## Records shown
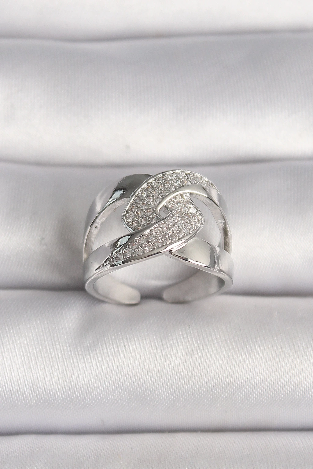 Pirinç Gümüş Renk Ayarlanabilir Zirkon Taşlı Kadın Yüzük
* * *
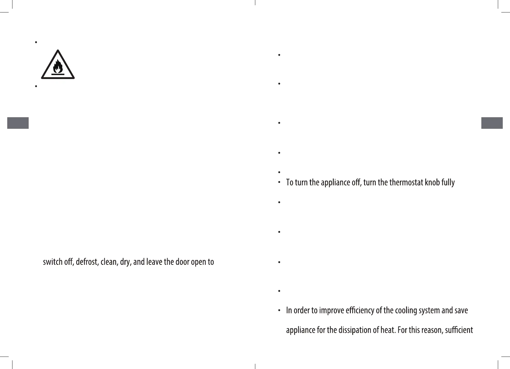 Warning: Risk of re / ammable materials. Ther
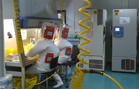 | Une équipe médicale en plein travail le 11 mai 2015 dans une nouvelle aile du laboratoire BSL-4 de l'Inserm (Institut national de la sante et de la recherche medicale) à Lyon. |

## Problem
In the listing above, find the line with "Warning: Risk of" and output every line through the one with "medicale) à Lyon. |", exactly, without the pictures.

## Exercise output
 Warning: Risk of re / ammable materials. Ther
 | Une équipe médicale en plein travail le 11 mai 2015 dans une nouvelle aile du laboratoire BSL-4 de l'Inserm (Institut national de la sante et de la recherche medicale) à Lyon. |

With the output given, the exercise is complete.